Its original draft could be read previously, but I believe it became a little bit outdated, so requires some highlighting.
But first, let's clear the status of fsck log checker. I completed its implementation, which is now capable of supporting consistent number of copies in the storage. It does not allow to merge different transaction logs yet.
To determine object to check it uses special text log file, which among other info contains name of the object and transformation functions to work with. Each transformation function will produce unique ID, which will be checked in the storage. For example we can put there sha1 and md5 transformation functions, so we will have two IDs equal to appropriate hash of the input name (and optionally hash of the transactions content).
When some objects are not presented in the storage, checker will download first existing copy and try to upload it using transformation functions corresponding to missing objects. So, if object with ID being equal to md5(name) is present and sha1(name) isn't, then checker will download all transactions stored in the existing object and upload them using sha1 transformation, thus recovering requested number of copies.
Checker currently requires log file to get information from and admin to start the process.
Background fsck is supposed to eliminate both needs.
Basic idea is to store some metadata with each object, which will tell origin of the given object and how it was supposed to be stored in the elliptics network. Thus we can timely or on request parse metadata for all objects in the given node (or only part of them), create a log file and run existing checker against it.
It becomes similar to what extended attributes are in the existing filesystems. Metadata can contain information not only about what object is, but also its IO permissions or access policies, owner information and anything else we would like to have there, which will allow to implement at least basic security model for elliptics network as well as simplify POHMELFS port.
If none of the ID functions resolve to the current node, do you delete the object after ensuring that the other copies are there?
Not yet, it will be done in automatic fsck.
That's a key part of rebalancing when you add nodes. New nodes will cause the hash functions to change where they are placing objects causing orphaned objects. But you have to check that you haven't accidentally orphaned all the copies of the object. If you do that the object will disappear until fsck brings it back.
An alternative to the fsck scheme is to have object expiration times. When the timer on the object expires you check to make sure all of the copies are in place and then delete if you are an orphan. Object reliability can be enhance with short expiration times and more copies. Object expiration basically creates a continuous low level of fsck noise on the net. Bit torrent uses object expiration.

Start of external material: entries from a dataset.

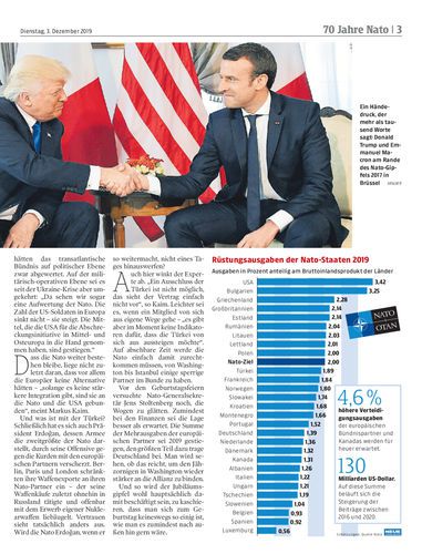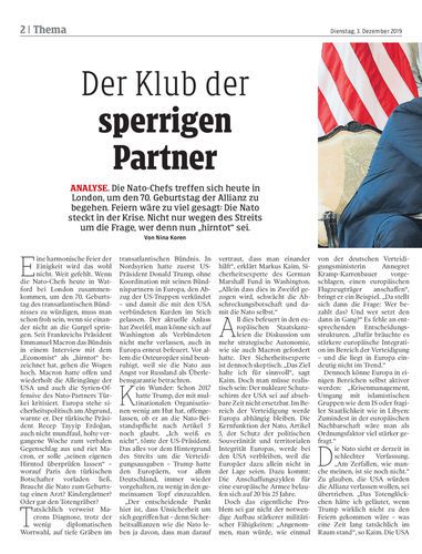 analyse. Die Nato-Chefs treffen sich heute in London, um den 70. Geburtstag der Allianz zu begehen. Feiern wäre zu viel gesagt: Die Nato steckt in der Krise. Nicht nur wegen des Streits um die Frage, wer denn nun „hirntot“ sei. Von Nina Koren
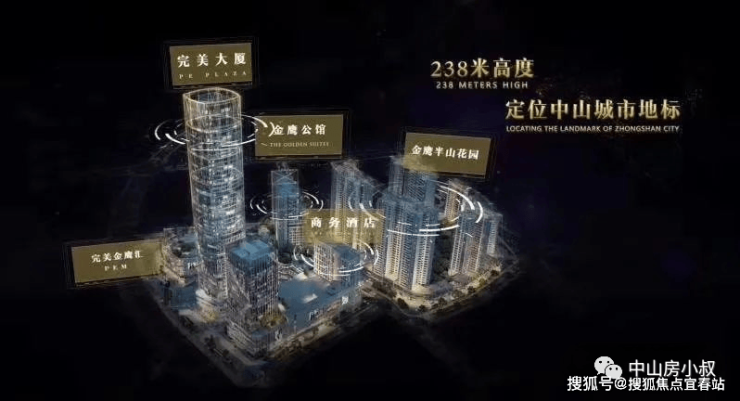 2、完美大厦(写字楼):238米,48层,中山唯一楼顶配备直升机坪,且16层-21层给招商引资部用来办公,未来人流量巨大
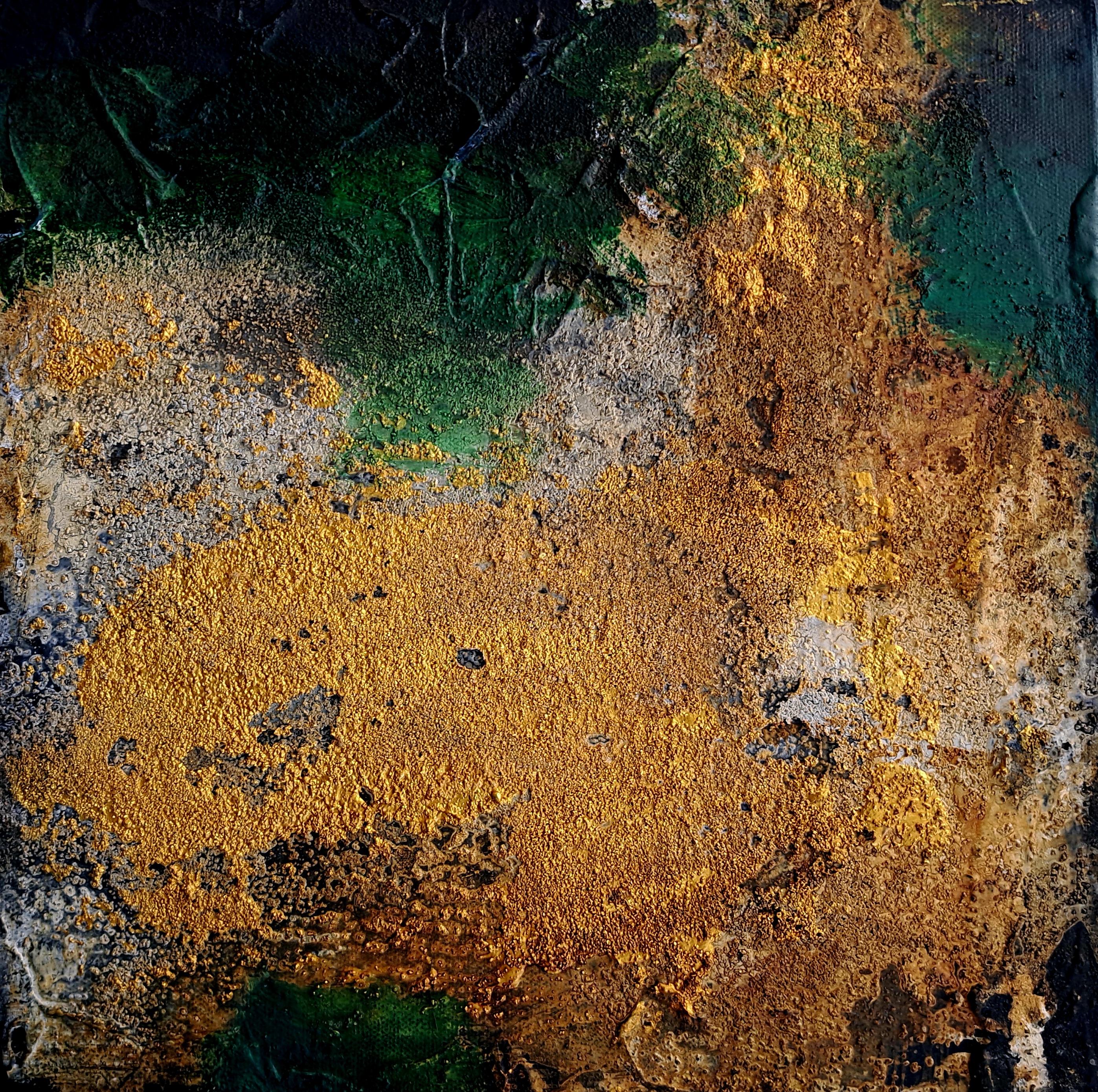 Die Künstlerin nutzt eine Vielzahl von Materialien und Techniken, um mehrschichtige, reichhaltig

Yes, it is possible that we acidentally orphan all copies of some objects, but new node addition policy may forbid to add more servers than a common (or smallest) number of copies at a time for example, or admin will have to quickly start fsck process on its own.
With proper policies such situation can be avoided, but generally one has to watch it.

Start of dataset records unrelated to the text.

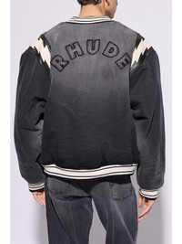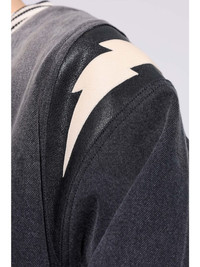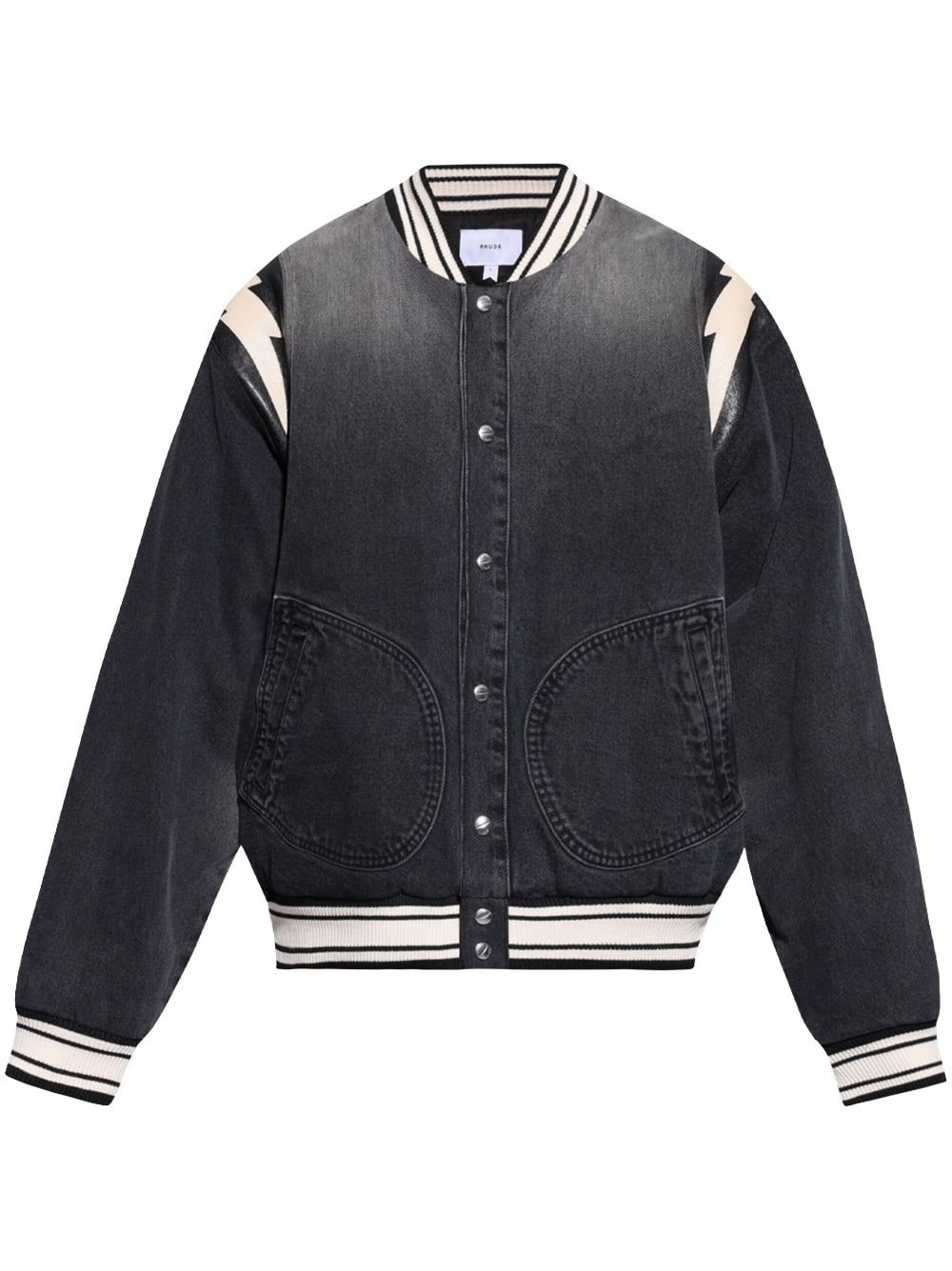 logo-embroidered bomber jacket Highlights - Grey - Cotton - Denim - Leather trim - Panelled design - Gradient effect - Ribbed band collar - Side stripe detailing - Long sleeves - Ribbed cuffs and hem - Two side pouch pockets - Front press-stud fastening Made in United States Composition Leather 100%, Cotton 100%
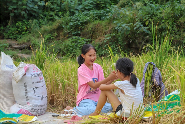 秋收時節,一串串顆粒飽滿的稻穗在太陽照射下閃閃發光,散發出陣陣稻香。孩子們在田間嬉戲,臉上洋溢著幸福的笑容。(譚啟云 攝)
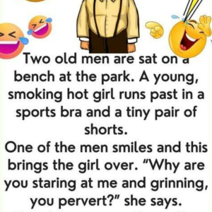 Two old men are sat on a bench at the park. A young, smoking hot girl runs past in a sports bra and a tiny pair of…

BT expiration time will not work in elliptics as is, since nodes cover range of IDs while in BT it is a set. When range collapses, node does not even try to check whether requested ID exists in its backing storage, since it can not differentiate between own range collapse and the fact, that it always had such range.
How are you synchronizing the hash functions on all of the nodes? fsck will fail if everyone isn't using the same hash functions.
They are written in metadata info as well as original object name for all transactions, so we can check in background required number of copies.